Start of Block

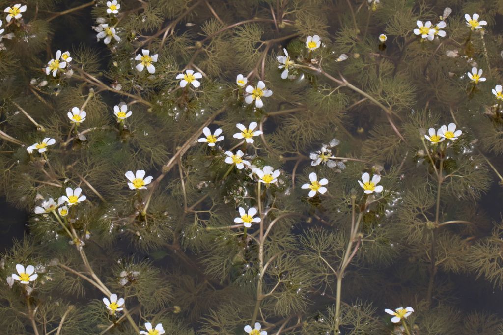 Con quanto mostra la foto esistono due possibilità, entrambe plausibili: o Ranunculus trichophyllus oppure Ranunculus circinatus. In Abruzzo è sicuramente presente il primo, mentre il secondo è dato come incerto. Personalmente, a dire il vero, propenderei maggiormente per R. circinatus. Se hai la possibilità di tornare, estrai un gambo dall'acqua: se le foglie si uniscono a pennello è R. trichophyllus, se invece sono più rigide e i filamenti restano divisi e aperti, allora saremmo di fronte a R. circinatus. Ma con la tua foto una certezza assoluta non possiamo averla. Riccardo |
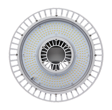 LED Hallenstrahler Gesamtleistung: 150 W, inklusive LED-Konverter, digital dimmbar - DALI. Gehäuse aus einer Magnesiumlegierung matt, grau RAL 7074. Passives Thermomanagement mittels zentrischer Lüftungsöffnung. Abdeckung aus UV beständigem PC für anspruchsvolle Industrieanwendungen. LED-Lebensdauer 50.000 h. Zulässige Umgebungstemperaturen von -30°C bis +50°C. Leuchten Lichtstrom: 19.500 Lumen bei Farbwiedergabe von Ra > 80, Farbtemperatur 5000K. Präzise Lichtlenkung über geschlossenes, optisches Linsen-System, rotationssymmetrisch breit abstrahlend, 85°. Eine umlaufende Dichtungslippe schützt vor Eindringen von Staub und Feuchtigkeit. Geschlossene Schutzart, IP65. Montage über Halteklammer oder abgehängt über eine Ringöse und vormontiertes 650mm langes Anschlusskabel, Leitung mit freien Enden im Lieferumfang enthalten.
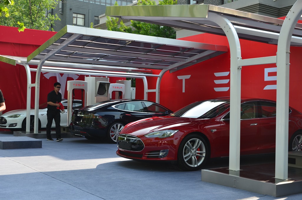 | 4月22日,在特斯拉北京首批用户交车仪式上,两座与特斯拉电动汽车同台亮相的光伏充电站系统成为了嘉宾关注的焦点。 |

End of Block

Directions for this task →
The data shown above must be printed again exactly, with no images included.

Answer section →
 Con quanto mostra la foto esistono due possibilità, entrambe plausibili: o Ranunculus trichophyllus oppure Ranunculus circinatus. In Abruzzo è sicuramente presente il primo, mentre il secondo è dato come incerto. Personalmente, a dire il vero, propenderei maggiormente per R. circinatus. Se hai la possibilità di tornare, estrai un gambo dall'acqua: se le foglie si uniscono a pennello è R. trichophyllus, se invece sono più rigide e i filamenti restano divisi e aperti, allora saremmo di fronte a R. circinatus. Ma con la tua foto una certezza assoluta non possiamo averla. Riccardo |
 LED Hallenstrahler Gesamtleistung: 150 W, inklusive LED-Konverter, digital dimmbar - DALI. Gehäuse aus einer Magnesiumlegierung matt, grau RAL 7074. Passives Thermomanagement mittels zentrischer Lüftungsöffnung. Abdeckung aus UV beständigem PC für anspruchsvolle Industrieanwendungen. LED-Lebensdauer 50.000 h. Zulässige Umgebungstemperaturen von -30°C bis +50°C. Leuchten Lichtstrom: 19.500 Lumen bei Farbwiedergabe von Ra > 80, Farbtemperatur 5000K. Präzise Lichtlenkung über geschlossenes, optisches Linsen-System, rotationssymmetrisch breit abstrahlend, 85°. Eine umlaufende Dichtungslippe schützt vor Eindringen von Staub und Feuchtigkeit. Geschlossene Schutzart, IP65. Montage über Halteklammer oder abgehängt über eine Ringöse und vormontiertes 650mm langes Anschlusskabel, Leitung mit freien Enden im Lieferumfang enthalten.
 | 4月22日,在特斯拉北京首批用户交车仪式上,两座与特斯拉电动汽车同台亮相的光伏充电站系统成为了嘉宾关注的焦点。 |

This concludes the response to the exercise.